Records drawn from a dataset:

((

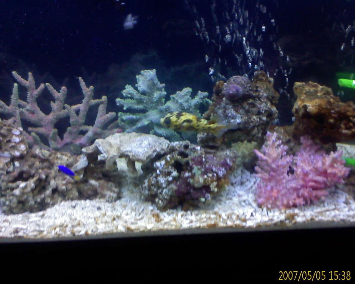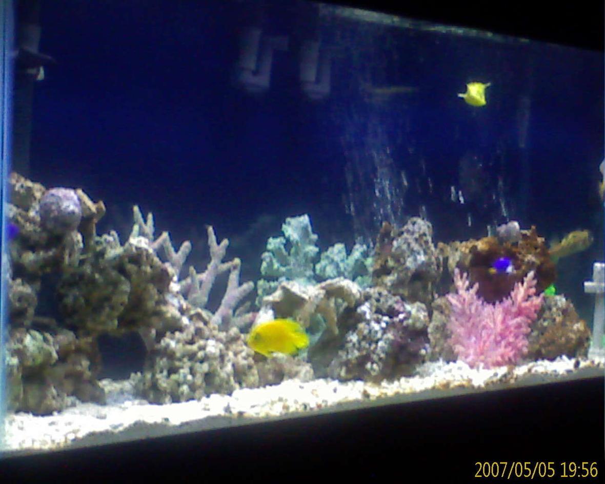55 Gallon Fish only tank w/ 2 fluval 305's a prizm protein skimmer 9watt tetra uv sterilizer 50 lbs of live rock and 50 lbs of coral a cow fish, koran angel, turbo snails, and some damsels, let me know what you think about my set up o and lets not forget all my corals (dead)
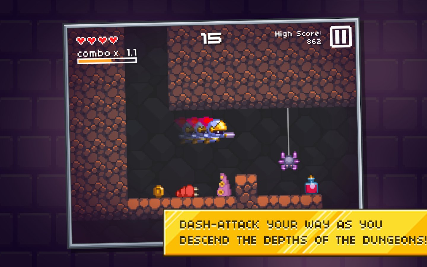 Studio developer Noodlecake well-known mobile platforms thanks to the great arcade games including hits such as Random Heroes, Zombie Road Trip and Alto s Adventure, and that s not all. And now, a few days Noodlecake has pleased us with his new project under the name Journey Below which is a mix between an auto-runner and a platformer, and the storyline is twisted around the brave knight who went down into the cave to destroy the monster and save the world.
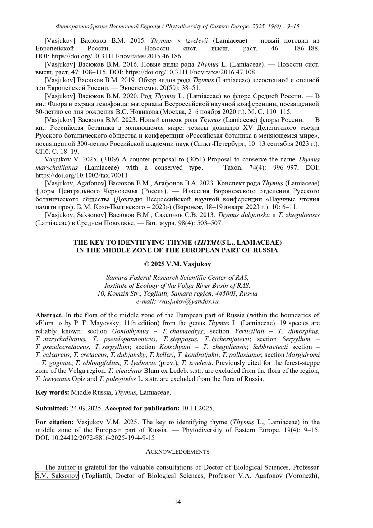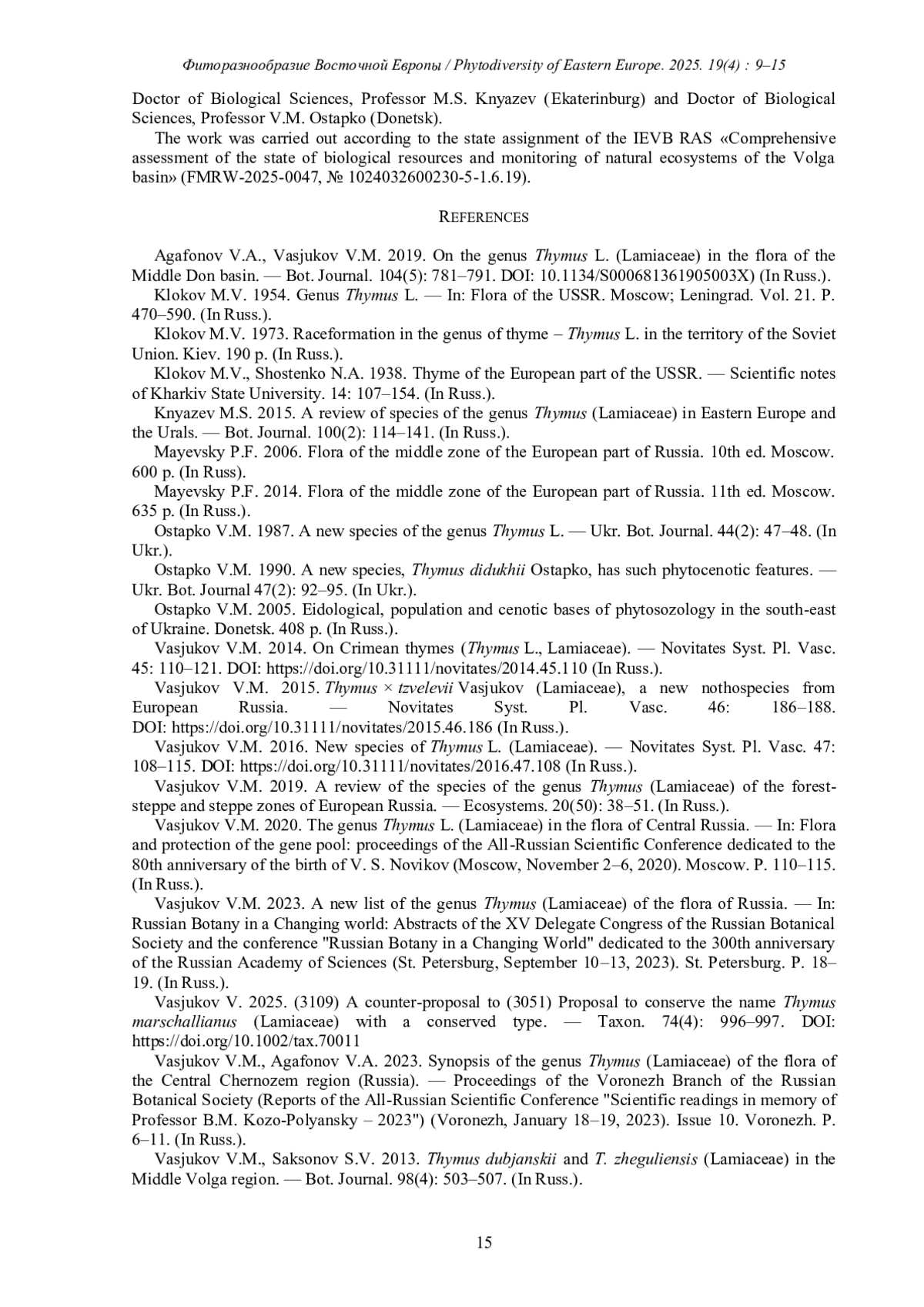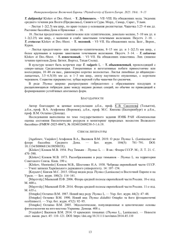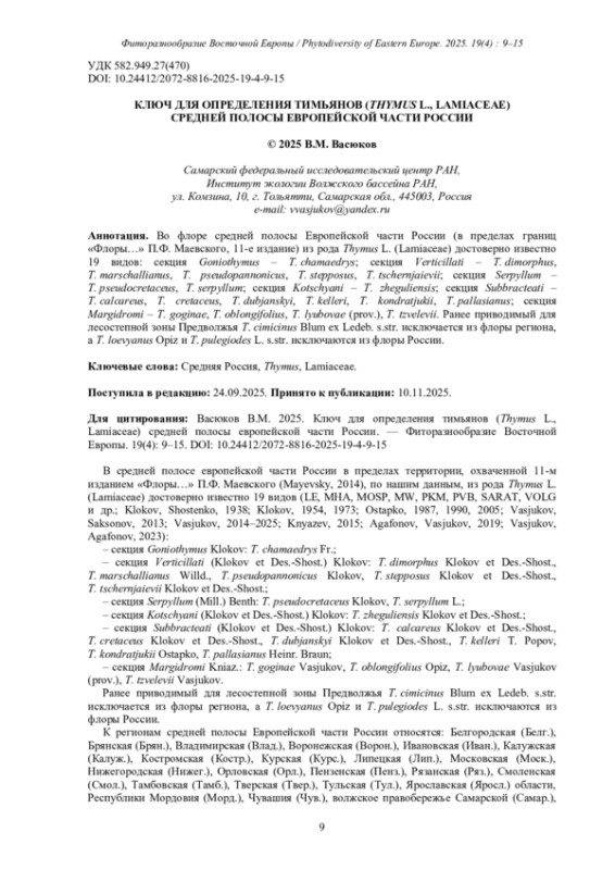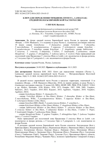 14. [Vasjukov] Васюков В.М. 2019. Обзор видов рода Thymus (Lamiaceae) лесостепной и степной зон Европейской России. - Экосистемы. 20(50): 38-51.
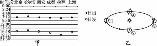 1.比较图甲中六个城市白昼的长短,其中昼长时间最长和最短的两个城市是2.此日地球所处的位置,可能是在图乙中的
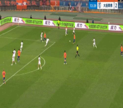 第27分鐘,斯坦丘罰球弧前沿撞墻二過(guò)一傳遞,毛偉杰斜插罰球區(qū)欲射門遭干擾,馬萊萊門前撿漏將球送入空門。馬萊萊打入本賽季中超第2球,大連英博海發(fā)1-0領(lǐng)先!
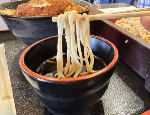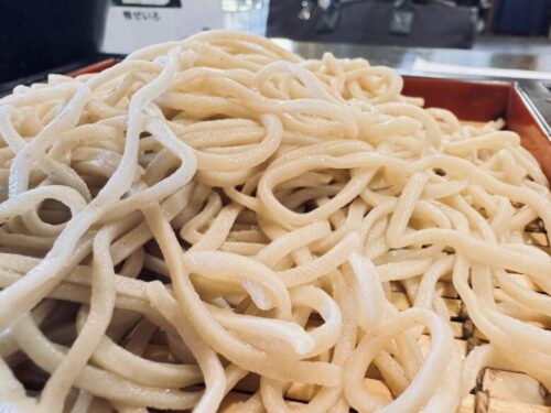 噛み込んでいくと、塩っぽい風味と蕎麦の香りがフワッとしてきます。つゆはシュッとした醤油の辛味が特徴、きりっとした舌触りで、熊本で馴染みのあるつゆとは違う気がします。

))
((

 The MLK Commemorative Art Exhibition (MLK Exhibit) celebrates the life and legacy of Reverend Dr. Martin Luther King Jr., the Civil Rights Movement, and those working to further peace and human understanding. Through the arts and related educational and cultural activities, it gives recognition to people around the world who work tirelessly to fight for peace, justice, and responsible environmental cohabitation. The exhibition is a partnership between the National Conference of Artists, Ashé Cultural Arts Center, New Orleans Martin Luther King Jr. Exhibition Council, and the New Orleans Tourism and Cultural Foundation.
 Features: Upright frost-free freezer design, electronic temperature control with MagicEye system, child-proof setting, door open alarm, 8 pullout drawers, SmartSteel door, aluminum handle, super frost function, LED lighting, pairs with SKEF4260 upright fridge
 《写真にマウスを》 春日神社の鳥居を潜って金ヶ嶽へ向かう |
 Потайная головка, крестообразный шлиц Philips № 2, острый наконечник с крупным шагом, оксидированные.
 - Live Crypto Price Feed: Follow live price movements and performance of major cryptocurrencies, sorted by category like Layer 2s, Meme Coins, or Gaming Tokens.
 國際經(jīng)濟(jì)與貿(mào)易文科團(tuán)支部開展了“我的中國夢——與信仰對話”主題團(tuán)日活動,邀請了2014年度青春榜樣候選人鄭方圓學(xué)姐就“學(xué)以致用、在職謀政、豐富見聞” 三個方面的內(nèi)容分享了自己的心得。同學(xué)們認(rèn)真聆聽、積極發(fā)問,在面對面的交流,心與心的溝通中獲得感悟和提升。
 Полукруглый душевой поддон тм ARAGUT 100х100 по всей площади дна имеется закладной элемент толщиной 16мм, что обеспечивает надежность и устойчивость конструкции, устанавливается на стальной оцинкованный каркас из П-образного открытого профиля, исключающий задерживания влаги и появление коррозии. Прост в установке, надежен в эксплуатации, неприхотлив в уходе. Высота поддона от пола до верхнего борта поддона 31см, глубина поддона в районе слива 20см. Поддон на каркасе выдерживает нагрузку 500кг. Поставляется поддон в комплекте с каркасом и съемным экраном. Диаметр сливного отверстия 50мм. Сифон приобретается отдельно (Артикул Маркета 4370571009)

))

* Task instructions
Working from the entries above, please transcribe only the lines from the line with "1.比较图甲中六个城市白昼的" through the line with "噛み込んでいくと、塩っぽい風", exactly, with both end lines and without pictures.

* Your solution
 1.比较图甲中六个城市白昼的长短,其中昼长时间最长和最短的两个城市是2.此日地球所处的位置,可能是在图乙中的
 第27分鐘,斯坦丘罰球弧前沿撞墻二過(guò)一傳遞,毛偉杰斜插罰球區(qū)欲射門遭干擾,馬萊萊門前撿漏將球送入空門。馬萊萊打入本賽季中超第2球,大連英博海發(fā)1-0領(lǐng)先!
 噛み込んでいくと、塩っぽい風味と蕎麦の香りがフワッとしてきます。つゆはシュッとした醤油の辛味が特徴、きりっとした舌触りで、熊本で馴染みのあるつゆとは違う気がします。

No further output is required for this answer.